When commiting, use the option '-c 3a8b6bc' to retain authorship and message.
~/dev/cassandra/hector $ git st
src/main/java/me/prettyprint/cassandra/service/CassandraClientMonitorMBean.java: needs merge
src/test/java/me/prettyprint/cassandra/service/KeyspaceTest.java: needs merge
# On branch 0.6.0
# Changes to be committed:
#   (use "git reset HEAD <file>..." to unstage)
#
# modified:   src/main/java/me/prettyprint/cassandra/service/CassandraClientFactory.java
# modified:   src/main/java/me/prettyprint/cassandra/service/CassandraClientPoolByHost.java
# modified:   src/main/java/me/prettyprint/cassandra/service/CassandraClientPoolByHostImpl.java
# modified:   src/main/java/me/prettyprint/cassandra/service/CassandraClientPoolFactory.java
# modified:   src/main/java/me/prettyprint/cassandra/service/CassandraClientPoolImpl.java
# modified:   src/test/java/me/prettyprint/cassandra/service/CassandraClientPoolByHostTest.java
# modified:   src/test/java/me/prettyprint/cassandra/service/CassandraClientPoolTest.java
# modified:   src/test/java/me/prettyprint/cassandra/service/CassandraClientTest.java
# modified:   src/test/resources/cassandra-context-test.xml
#
# Changed but not updated:
#   (use "git add <file>..." to update what will be committed)
#   (use "git checkout -- <file>..." to discard changes in working directory)
#
# unmerged:   src/main/java/me/prettyprint/cassandra/service/CassandraClientMonitorMBean.java
# unmerged:   src/test/java/me/prettyprint/cassandra/service/KeyspaceTest.java
#

Oops, there's a merge conflict. 
Now, edit the files CassandraClientMonitorMBean and KeyspaceTest and fix the merge.
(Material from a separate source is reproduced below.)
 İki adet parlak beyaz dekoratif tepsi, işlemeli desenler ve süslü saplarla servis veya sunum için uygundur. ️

When done, commit with -c 3a8b6bc

~/dev/cassandra/hector $ vi src/main/java/me/prettyprint/cassandra/service/CassandraClientMonitorMBean.java
~/dev/cassandra/hector $ vi src/main/java/me/prettyprint/cassandra/service/KeyspaceTest.java
~/dev/cassandra/hector $ git add .
~/dev/cassandra/hector $ git ci -c 3a8b6bc
[0.6.0 2687509] refactorings for new CassandraHost and related configurator classes
 11 files changed, 108 insertions(+), 177 deletions(-)

~/dev/cassandra/hector $ git cherry-pick -xs 561a1cd883346b6b6726ad3a4a5199cf696f2b99
Finished one cherry-pick.
[0.6.0 b6cc83a] updated javadoc example for cassandraHostConfigurator (cherry picked from commit 561a1cd883346b6b6726ad3a4a5199cf696f2b99)
 1 files changed, 5 insertions(+), 5 deletions(-)
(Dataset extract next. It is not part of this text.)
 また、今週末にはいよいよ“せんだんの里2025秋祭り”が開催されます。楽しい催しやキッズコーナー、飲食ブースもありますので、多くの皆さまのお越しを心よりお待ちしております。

~/dev/cassandra/hector $ git log
commit b6cc83a2ed496dcaf1fa7bd46dc23c2289fb978b
Author: zznate
Date:   Wed Mar 31 17:03:28 2010 -0700

    updated javadoc example for cassandraHostConfigurator
    (cherry picked from commit 561a1cd883346b6b6726ad3a4a5199cf696f2b99)

    Signed-off-by: Ran Tavory 

commit 2687509b42aeb921c2487b80358f19c55e161168
Author: zznate 
Date:   Wed Mar 31 13:19:32 2010 -0700

    refactorings for new CassandraHost and related configurator classes

commit 8690dbe7a131f7adfa1272561ee9904f83112a9a
Author: zznate 
Date:   Wed Mar 31 13:18:27 2010 -0700

    extracted exhausted policy enum, encapsulate details of a host into a top-level object
    (cherry picked from commit 23306e9a55787f706f64eae642ed962764222b07)

    Signed-off-by: Ran Tavory


And now run tests make sure everything's good, and we're done.